On net, individuals repaid £100m of mortgage debt in October compared to £1bn in the previous month.
Matt Surridge, sales director at MPowered Mortgages, put this down to the cost-of-living crisis forcing households to tighten their finances.
He added: “That being said, we are optimistic that stabilising rates and greater product innovation will likely drive increased activity in the coming months. Inflation falling sharply in October is a sign of good things to come, and we anticipate an upswing in mortgage approval activity after the new year.”
Interest rates on newly drawn mortgages rose by 0.24% to 5.25% in October. Meanwhile the rate on outstanding mortgages came to 3.2%, which was a 0.06% rise compared to the previous month.

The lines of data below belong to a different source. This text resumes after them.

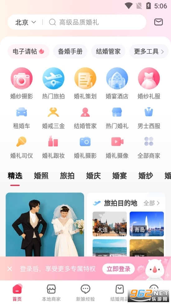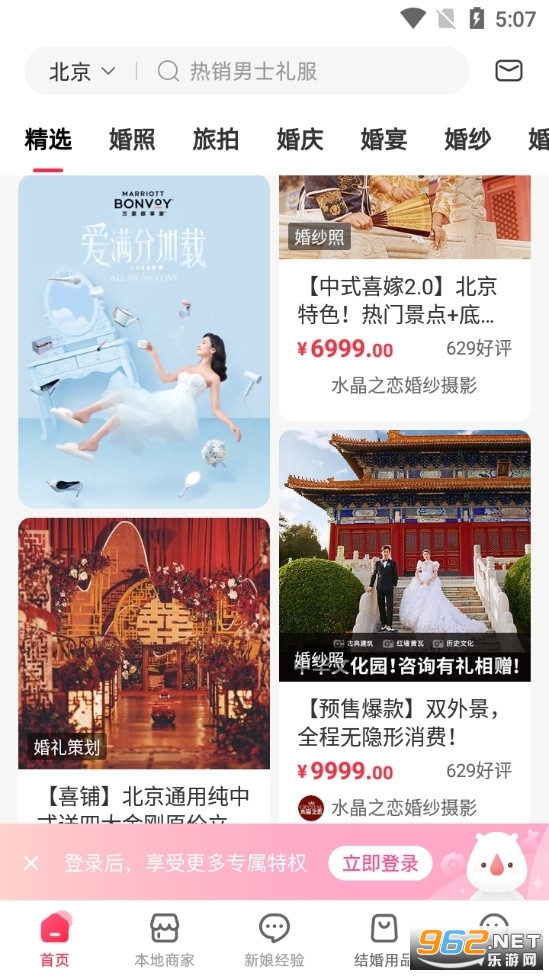 全国2万个商家入驻,占领全国一线城市,10万套婚纱款式,精选百万婚品,只为做专业的一站式婚礼服务平台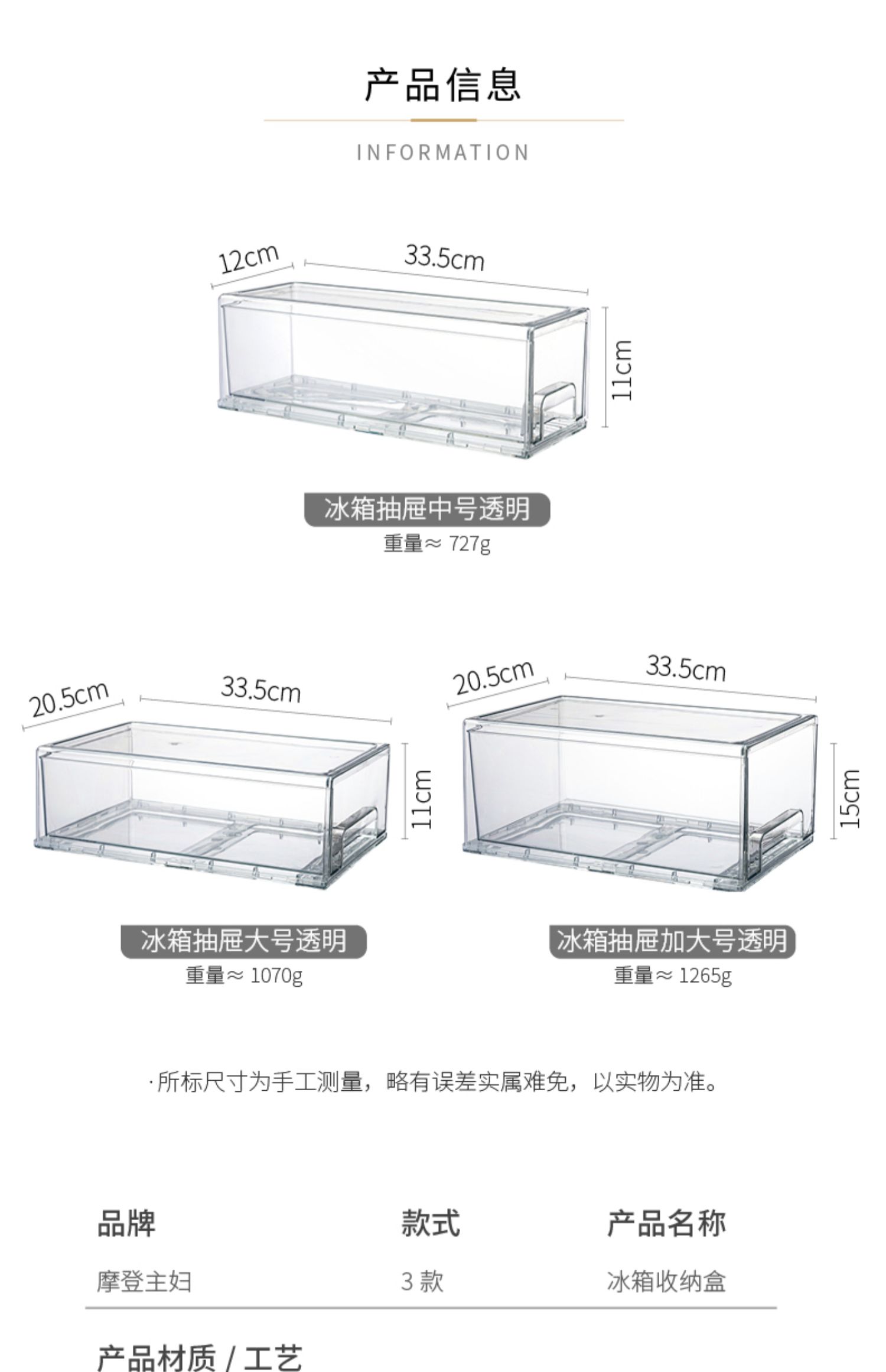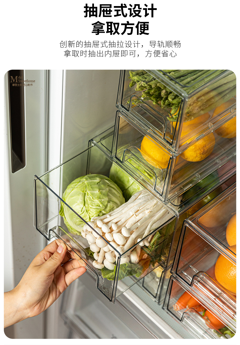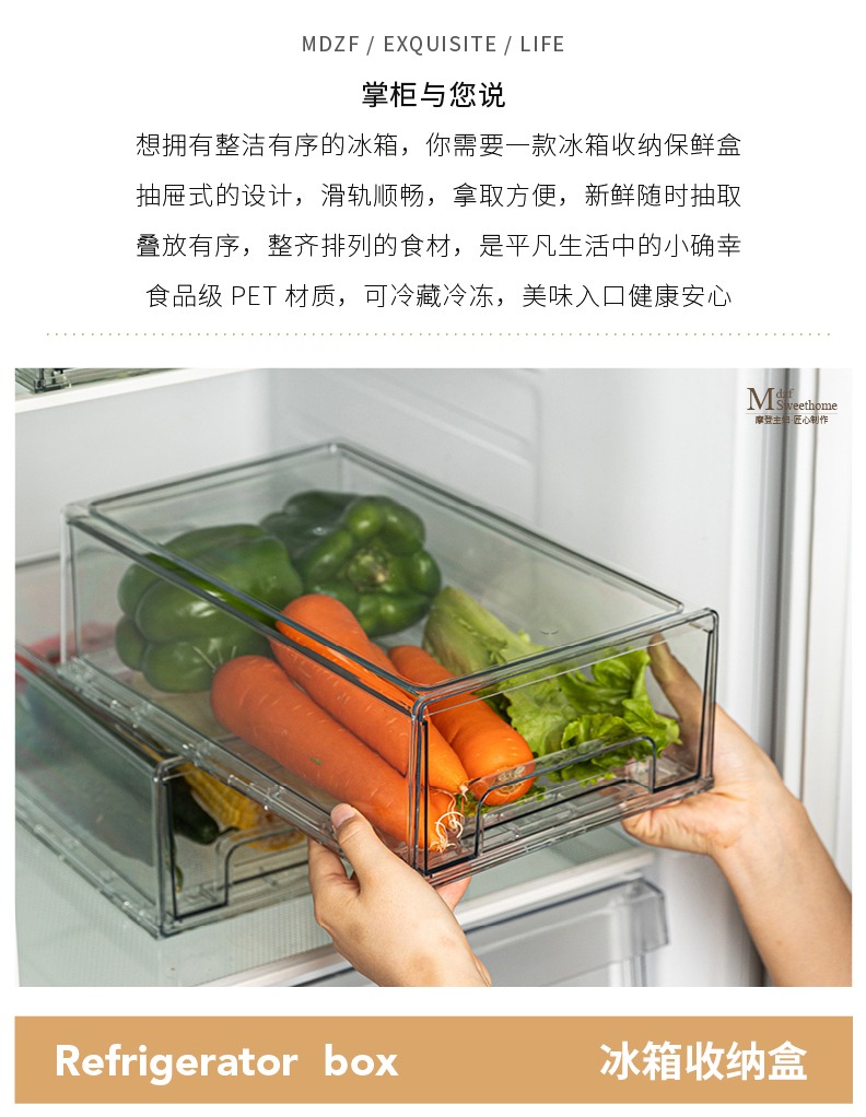 摩登主妇冰箱收纳盒抽屉式厨房整理神器冷藏专用食品级水果保鲜盒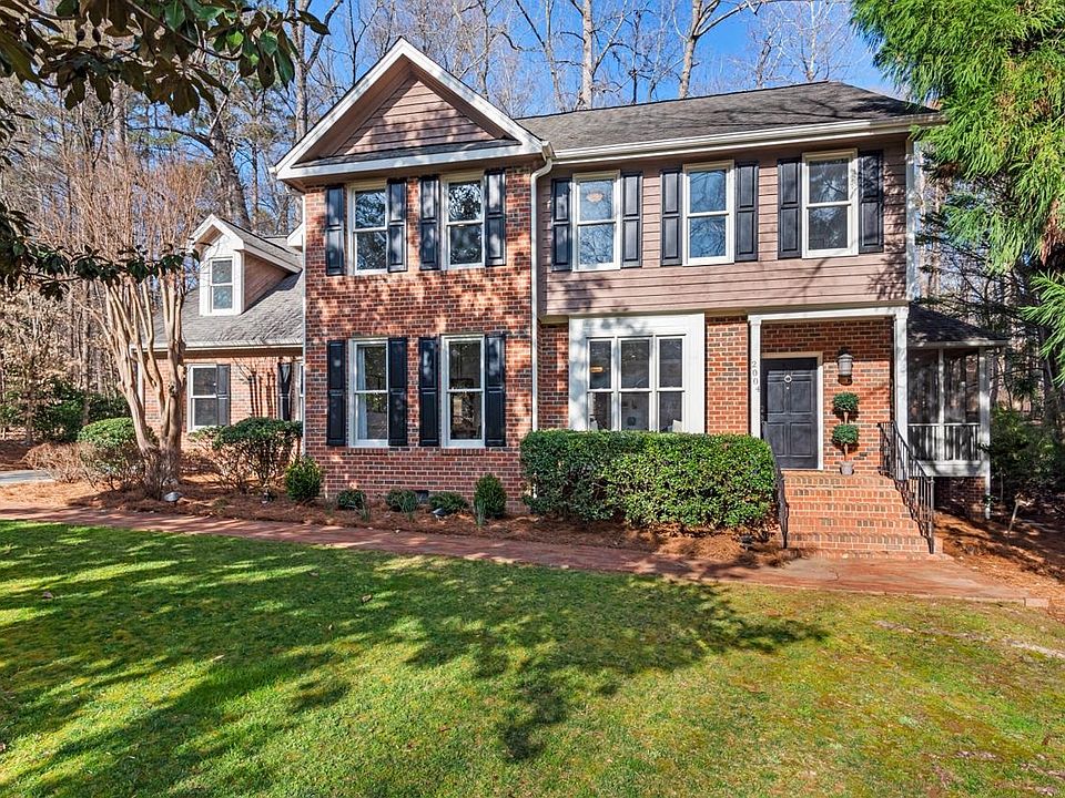 You’re sure to be a CAMDEN CRAZY in this stylish cul-de-sac retreat on a wooded .47 acre lot just minutes from CHHS. Nearby access to the extensive Bolin Creek trail system for your off-season training. Take a break from work to check the latest standings in your dedicated office with panoramic views. Only the abundant wildlife will hear you yelling at the refs when you stream the game on the huge screened porch. Celebrate your team’s victory in the battle of the blues with a bonfire of your own and room for all on your 46-foot deck. Your shot could be the buzzer beater that drives the crowd wild.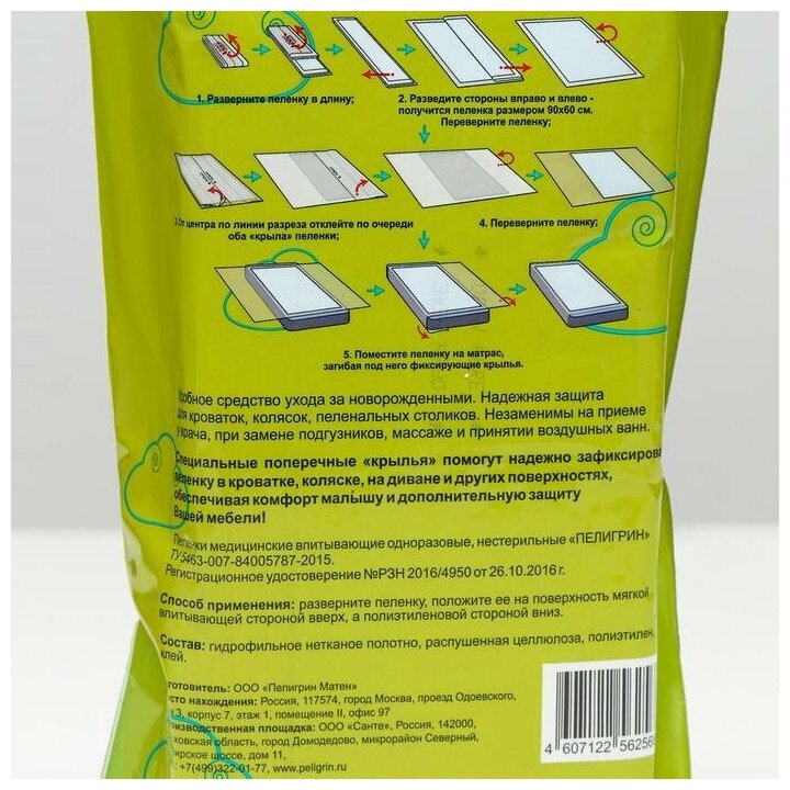 Одноразовая пеленка Пелигрин с крыльями 90х180, 4 шт. интересное: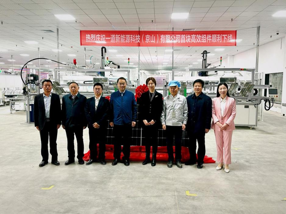 2023年3月28日,一道新能源科技(京山)有限公司(以下简称“京山基地”)首块高效组件产品顺利下线,作为华中地区最大的光伏生产基地,京山基地开启了荆楚大地绿色低碳事业的新征程。湖北省工商联主席、省总商会会长党蓁,省工商联二级巡视员薛志连,荆门市市委统战部副部长、市工商联党组书记、市总商会常务副会长兰坤,京山市市委书记张勇,一道衢州组件制造中心总经理马俊、京山基地总经理李聪、基地各部门负责人出席仪式。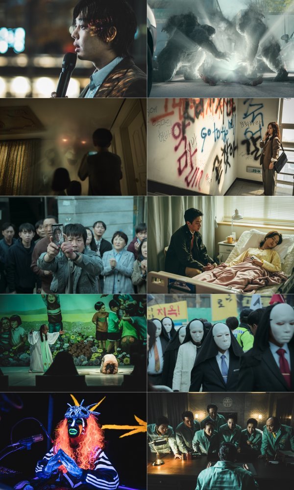 예고없이 등장한 지옥의 사자들에게 사람들이 지옥행 선고를 받는 초자연적인 현상이 발생하고, 이 혼란을 틈타 부흥한 종교단체 새진리회와 사건의 실체를 밝히려는 이들이 얽히면서 벌어지는 이야기를 그린 넷플릭스 시리즈 ‘지옥’이 보도 스틸을 공개했다.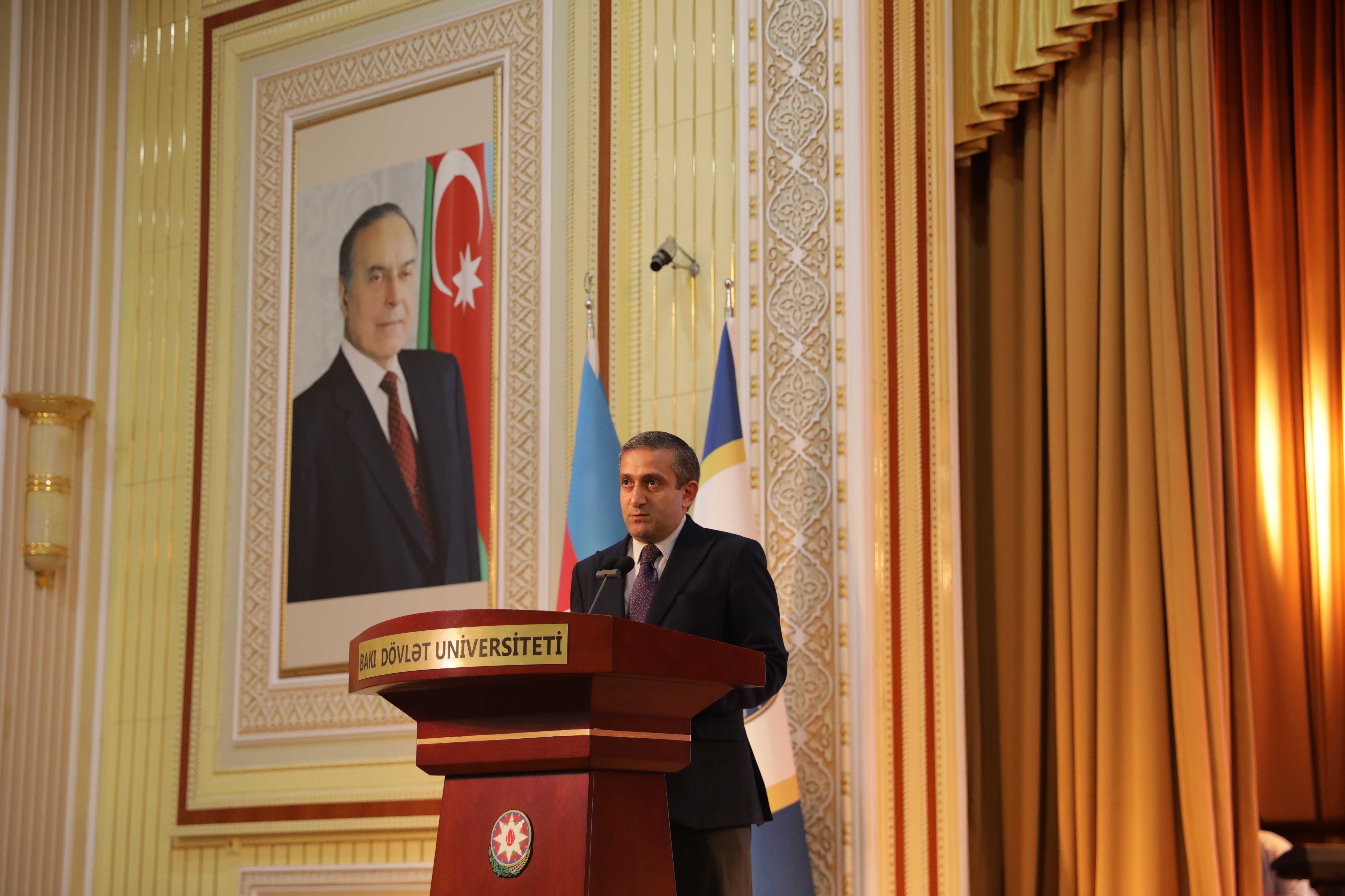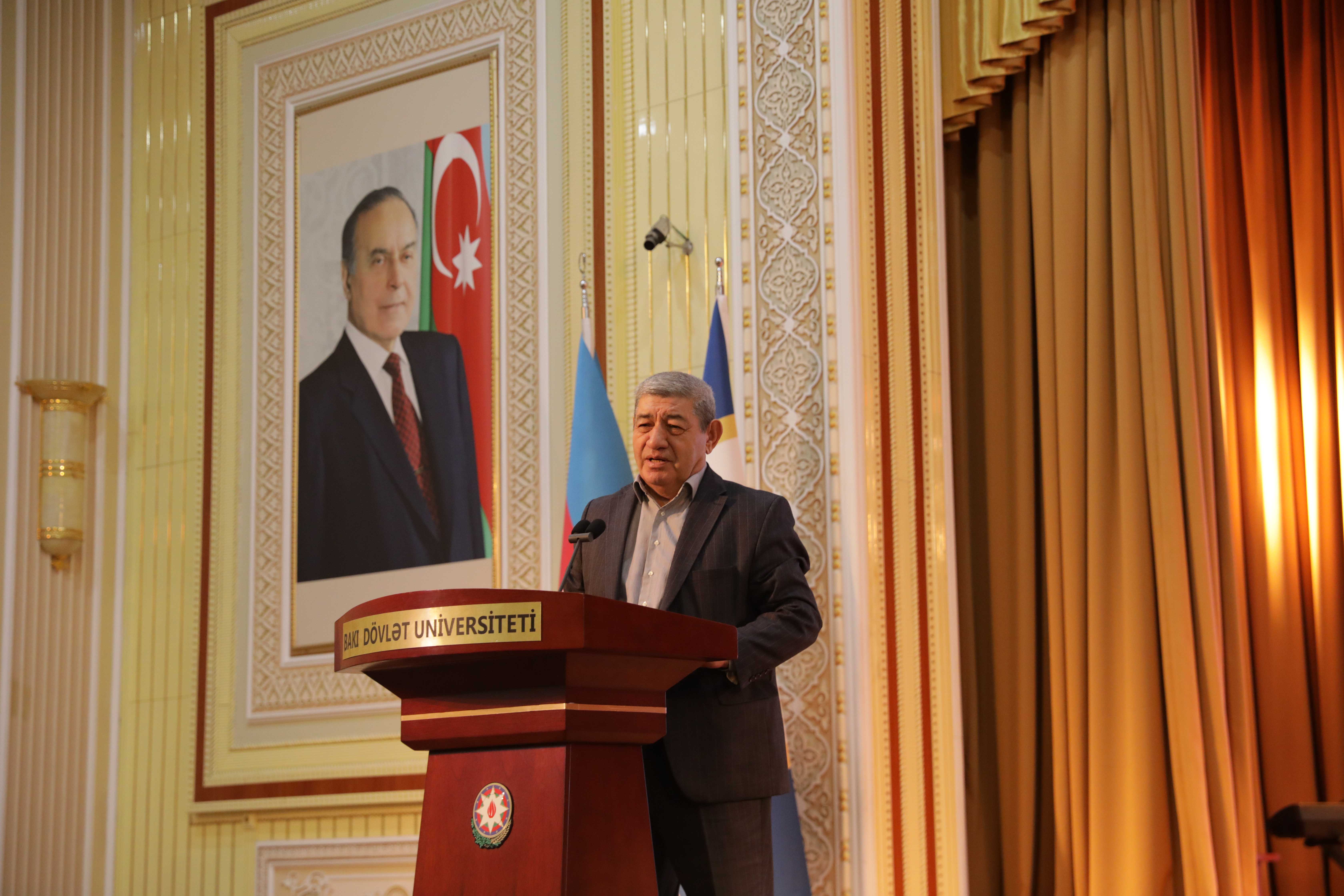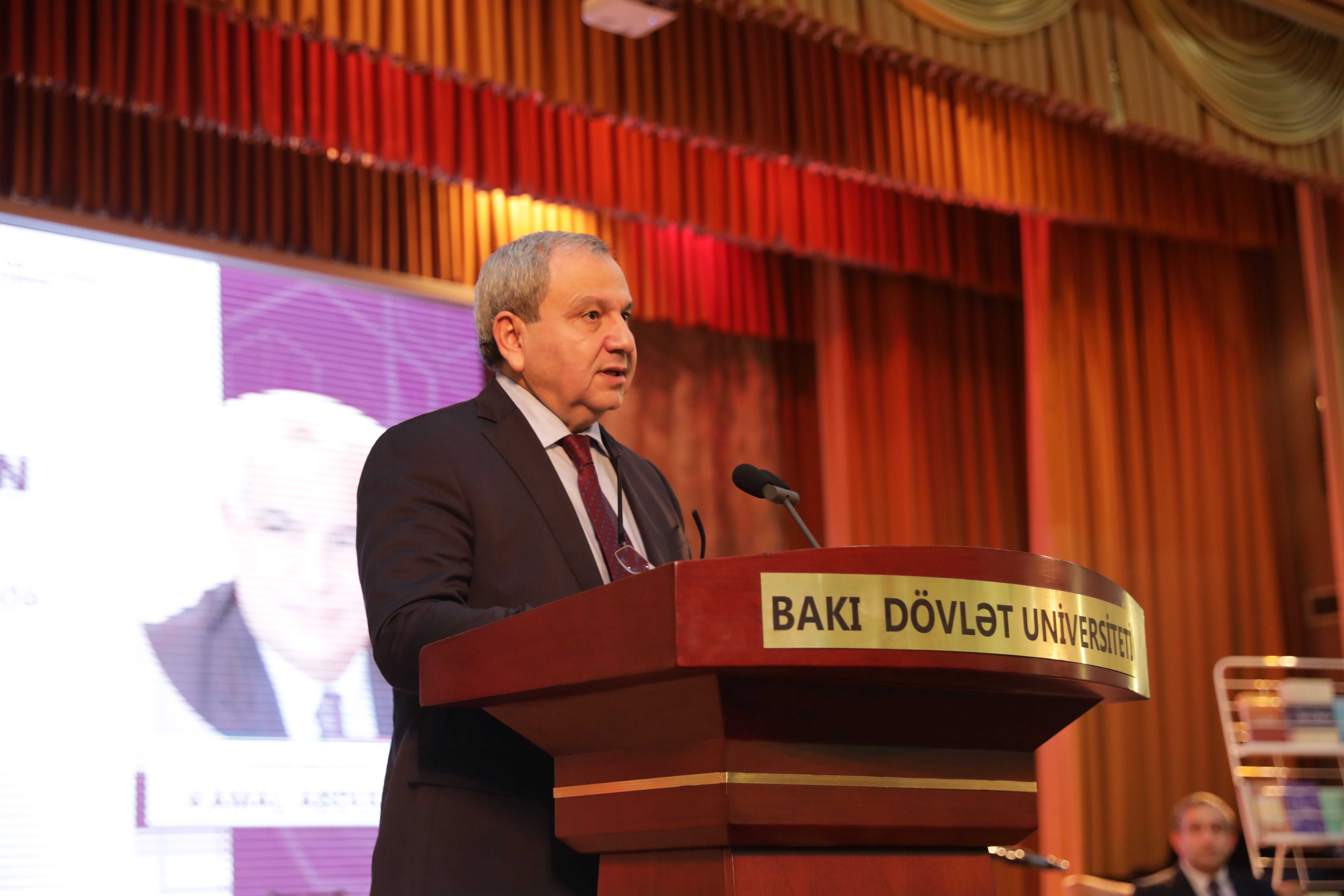 Затем слово было предоставлено народному писателю, академику Камалу Абдулле. Народный писатель, отметивший, что родной БГУ дорог ему, вспоминал студенческие годы: «Я и сегодня с большим уважением вспоминаю своих незабываемых педагогов, известных учёных, сыгравших неизгладимую роль в моей жизни. Именно в университете мы в полной мере осознали и полюбили понятие Родины. Родина – это единение людей, говорящих на одном языке и разделяющих одну идеологию. Именно этому мы научились в университете».

Alice Haine, personal finance analyst at Bestinvest, said: “Even if interest rates have hit their peak, mortgage rates are still sky-high in comparison to the lows experienced just two years ago.
“Many people emerging from the cheap deals they secured before the tightening cycle are still facing a worrying jump in repayments and with most borrowers on fixed rate mortgages, the drag from high interest rates will continue to have repercussions for mortgage lending – and the property market – for some time to come.”